= Beginning of Section =

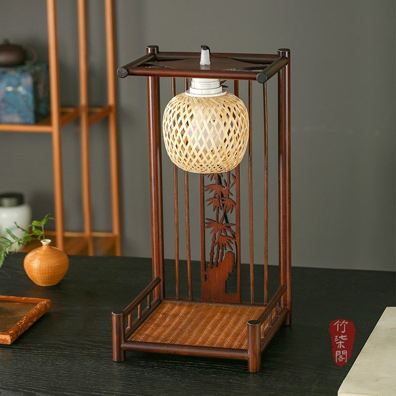 新中式 禅意灯笼桌面摆件茶室氛围灯竹制工艺品 纯手工竹编台灯中式
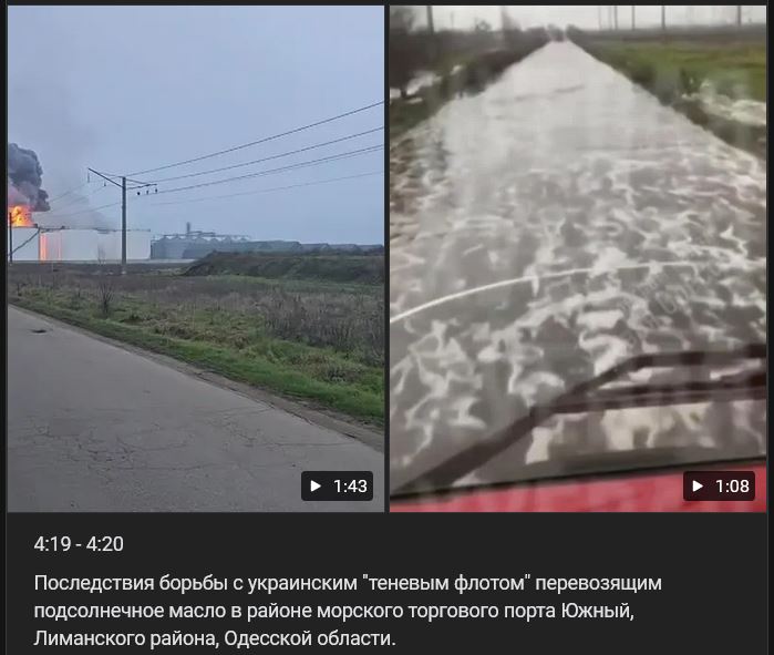 Dôsledky boja proti ukrajinskej „tieňovej flotile“ prepravujúcej slnečnicový olej v oblasti námorného obchodného prístavu Južnyj (Южный), Limanského rajóna, Odeskej oblasti.
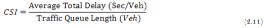 It is used by Federal Highway Administration Authority (FHA, USA) in reporting the results of system analyses using “Highway Performance Monitoring System” data. The CSI has units of roadway delay per million vehicle kilometre of travel. For the present study, the CSI would be the ratio of the average total delay experienced to the traffic queue length at the instant in travel, and then the equation of CSI would stand as follows:
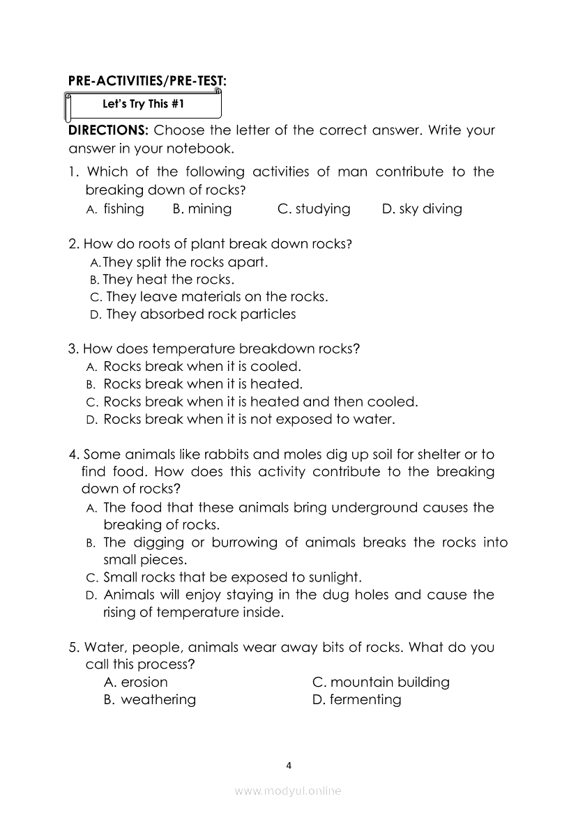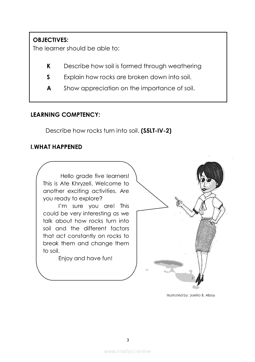 HOW ROCKS TURN INTO SOIL for Science Grade 5 Quarter 4 / Week 1May 26, 2021 Grade 5Kiumo M901 Tablet for Kids — comprehensive protection in learning, safety, and entertainment for as low as **₱2,399!. Science 5 4th QuarterRelatedPHASES OF THE MOON for Science Grade 5 Quarter 4/Week 4THE EFFECTS OF SOIL EROSION ON LIVING THINGS AND THE ENVIRONMENT for Science Grade 5 Quarter 4 / Week 2WEATHER DISTURBANCES IN THE PHILIPPINES AND THEIR EFFECTS TO DAILY LIFE for Science Grade 5 Quarter 4 / Week 3CONSTELLATIONS for Science 5 Quarter 4 / Week 5MUSIC Ikaapat na Markahan – Modyul 4a: Mga Antas ng Dynamics at Tempo
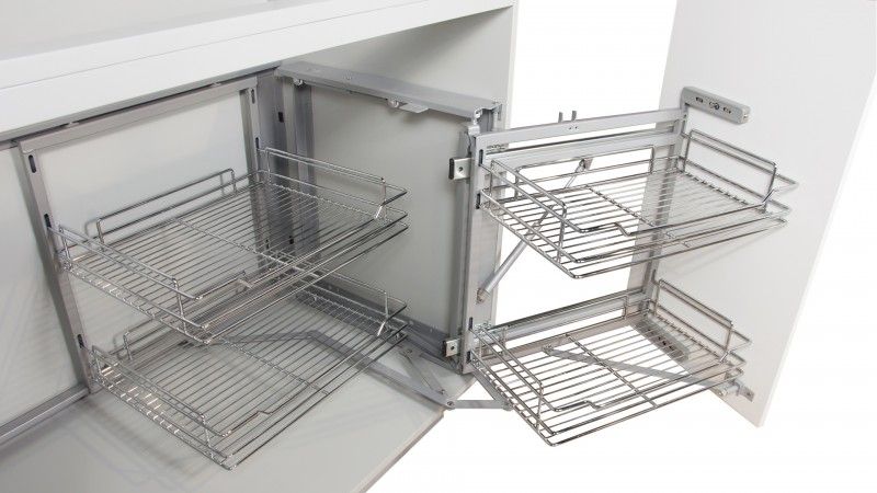 Выдвижная корзина UNIVERSE обеспечивает стабильное бесшумное движение и плавное закрывание без рывков даже при максимальной загрузке 60 кг. Модель позволяет комфортно отрегулировать положение фасада в трех плоскостях. Корзина универсальна и может быть установлена как в левых, так и правых модулях на 900-1000мм. Минимальная ширина фасада - 400 мм.
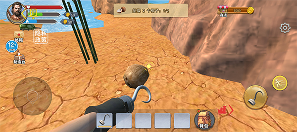 1、刚进游戏别瞎跑,抬头看屏幕上方的任务提示。系统给的第一个活儿就是让你捡俩椰子,这玩意儿满地都是椰子树,过去对着树敲就完事了,贼简单。给你们看下截图,就是这么个界面。
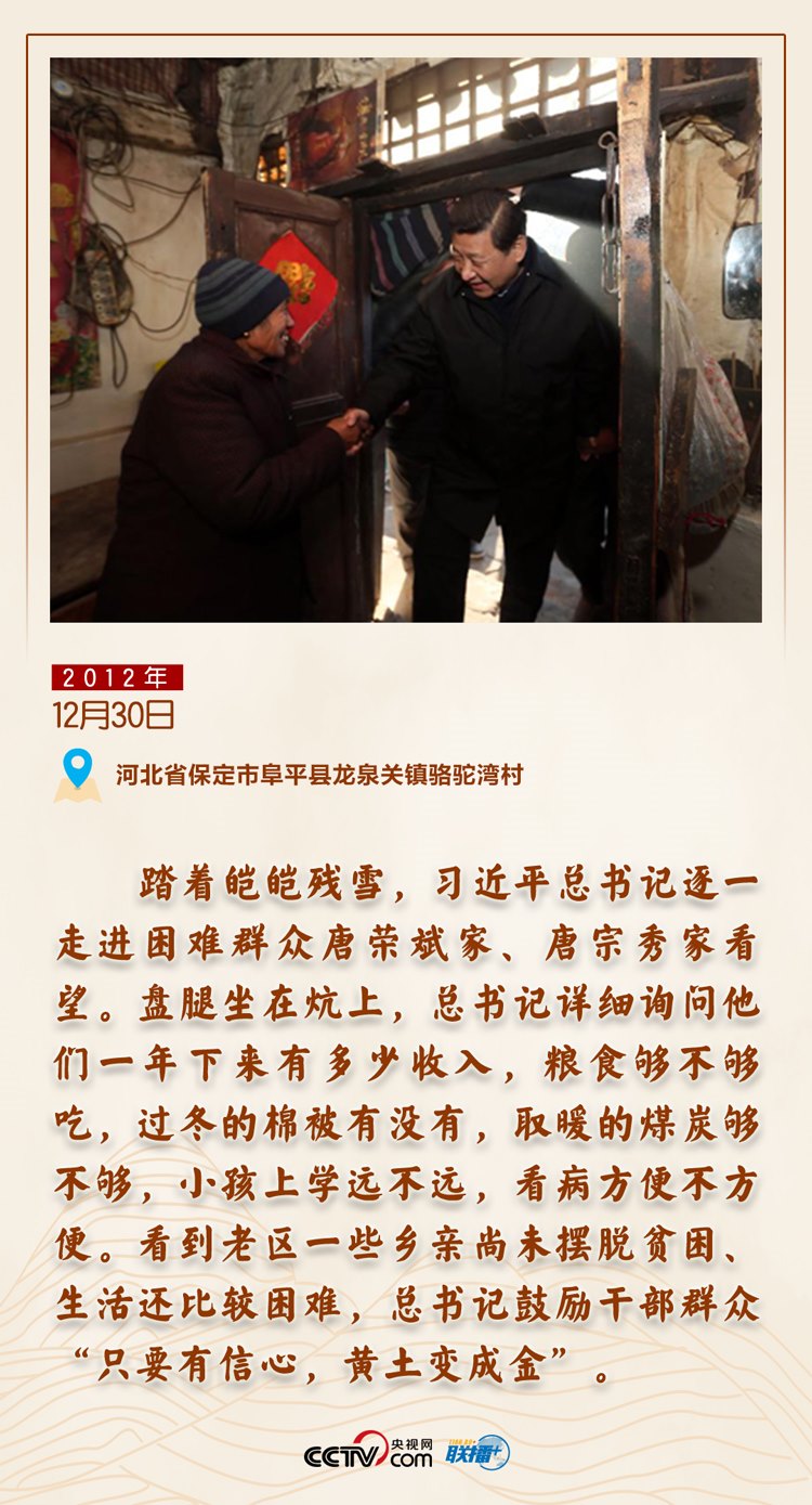 黨的十八大以來(lái),習(xí)近平總書記走遍全國(guó)14個(gè)集中連片特困地區(qū),考察了20多個(gè)貧困村。同老鄉(xiāng)們?cè)谝黄?,總書記?wèn)的是“小事”,算的是細(xì)賬,謀的是出路,想的是實(shí)招,一句句“貼心話”溫暖人心。
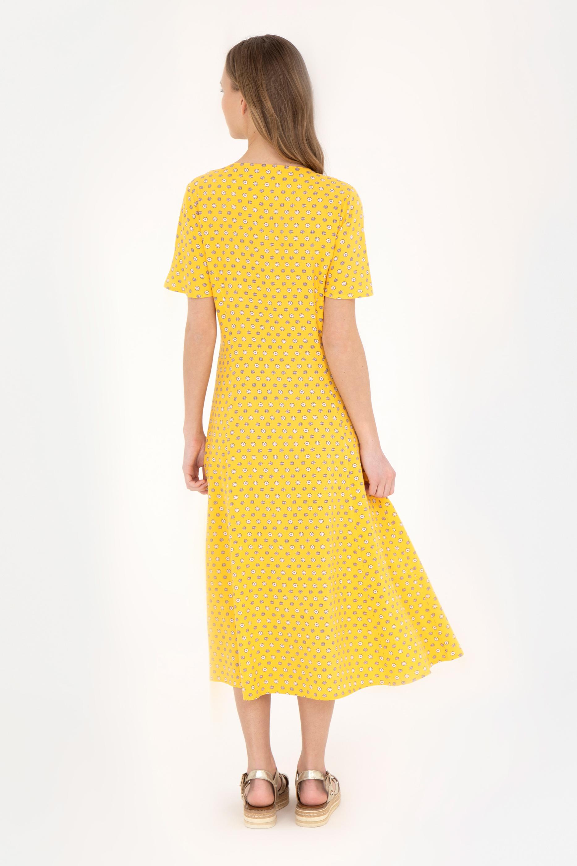 Desenli yapısı, hareketli bir görünüm sunarken, sarının canlılığı ile birleşerek dinamik bir tarz yaratır. Kısa kolları ve diz altı boyu hem rahat hem de modern bir görünüm sağlar. Uçuş uçuş eteği ve zarif desenleri ile rahat ve şık bir görünüm sunar. Bel kısmındaki hafif oturan kesimi ile vücut hatlarını kusursuz bir şekilde vurgular.
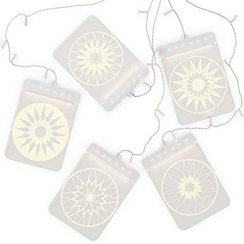 AmeliaHome LED fönsterdekoration, akrylhängare, ljuskedja, set om 5, USB-ljusslinga, juldekoration rund mandala
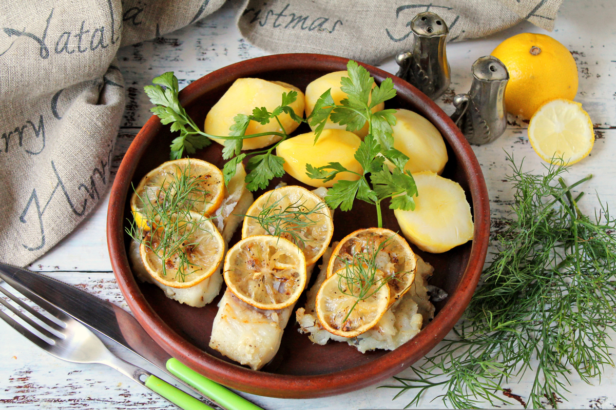 Запечённая треска с лимоном и травами + тушёная брокколи в сливочном соусе (на кокосовом молоке)
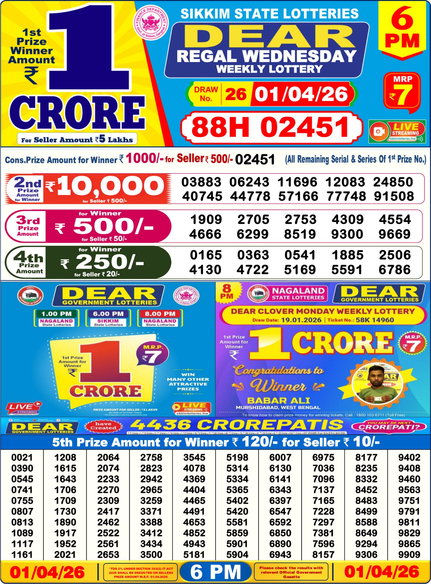 Status: Declared. 1st Prize (₹1 Crore) winning number: 88H02451#1PM88J46956.
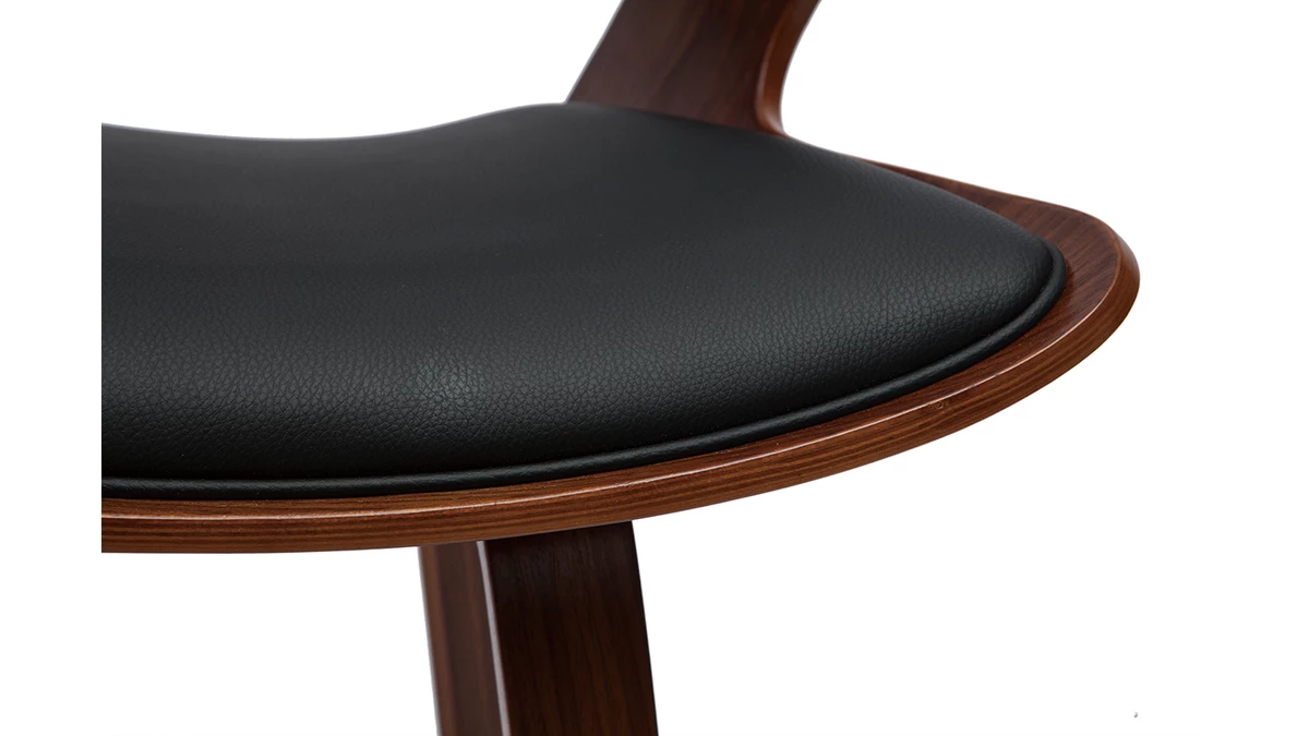 Entre son revêtement en polyuréthane noir, sa structure en bois foncé et son repose-pieds en métal noir, il se veut aussi design que chaleureux. Cette association de matières ainsi que ses lignes courbées font de lui un objet déco dans l’air du temps qui fera tout son effet dans votre intérieur.

= End of Section =

◆ **About this exercise**: What is needed is a word-for-word copy of the data above, free of any images.

◆ **Exercise output**:
 新中式 禅意灯笼桌面摆件茶室氛围灯竹制工艺品 纯手工竹编台灯中式
 Dôsledky boja proti ukrajinskej „tieňovej flotile“ prepravujúcej slnečnicový olej v oblasti námorného obchodného prístavu Južnyj (Южный), Limanského rajóna, Odeskej oblasti.
 It is used by Federal Highway Administration Authority (FHA, USA) in reporting the results of system analyses using “Highway Performance Monitoring System” data. The CSI has units of roadway delay per million vehicle kilometre of travel. For the present study, the CSI would be the ratio of the average total delay experienced to the traffic queue length at the instant in travel, and then the equation of CSI would stand as follows:
 HOW ROCKS TURN INTO SOIL for Science Grade 5 Quarter 4 / Week 1May 26, 2021 Grade 5Kiumo M901 Tablet for Kids — comprehensive protection in learning, safety, and entertainment for as low as **₱2,399!. Science 5 4th QuarterRelatedPHASES OF THE MOON for Science Grade 5 Quarter 4/Week 4THE EFFECTS OF SOIL EROSION ON LIVING THINGS AND THE ENVIRONMENT for Science Grade 5 Quarter 4 / Week 2WEATHER DISTURBANCES IN THE PHILIPPINES AND THEIR EFFECTS TO DAILY LIFE for Science Grade 5 Quarter 4 / Week 3CONSTELLATIONS for Science 5 Quarter 4 / Week 5MUSIC Ikaapat na Markahan – Modyul 4a: Mga Antas ng Dynamics at Tempo
 Выдвижная корзина UNIVERSE обеспечивает стабильное бесшумное движение и плавное закрывание без рывков даже при максимальной загрузке 60 кг. Модель позволяет комфортно отрегулировать положение фасада в трех плоскостях. Корзина универсальна и может быть установлена как в левых, так и правых модулях на 900-1000мм. Минимальная ширина фасада - 400 мм.
 1、刚进游戏别瞎跑,抬头看屏幕上方的任务提示。系统给的第一个活儿就是让你捡俩椰子,这玩意儿满地都是椰子树,过去对着树敲就完事了,贼简单。给你们看下截图,就是这么个界面。
 黨的十八大以來(lái),習(xí)近平總書記走遍全國(guó)14個(gè)集中連片特困地區(qū),考察了20多個(gè)貧困村。同老鄉(xiāng)們?cè)谝黄?,總書記?wèn)的是“小事”,算的是細(xì)賬,謀的是出路,想的是實(shí)招,一句句“貼心話”溫暖人心。
 Desenli yapısı, hareketli bir görünüm sunarken, sarının canlılığı ile birleşerek dinamik bir tarz yaratır. Kısa kolları ve diz altı boyu hem rahat hem de modern bir görünüm sağlar. Uçuş uçuş eteği ve zarif desenleri ile rahat ve şık bir görünüm sunar. Bel kısmındaki hafif oturan kesimi ile vücut hatlarını kusursuz bir şekilde vurgular.
 AmeliaHome LED fönsterdekoration, akrylhängare, ljuskedja, set om 5, USB-ljusslinga, juldekoration rund mandala
 Запечённая треска с лимоном и травами + тушёная брокколи в сливочном соусе (на кокосовом молоке)
 Status: Declared. 1st Prize (₹1 Crore) winning number: 88H02451#1PM88J46956.
 Entre son revêtement en polyuréthane noir, sa structure en bois foncé et son repose-pieds en métal noir, il se veut aussi design que chaleureux. Cette association de matières ainsi que ses lignes courbées font de lui un objet déco dans l’air du temps qui fera tout son effet dans votre intérieur.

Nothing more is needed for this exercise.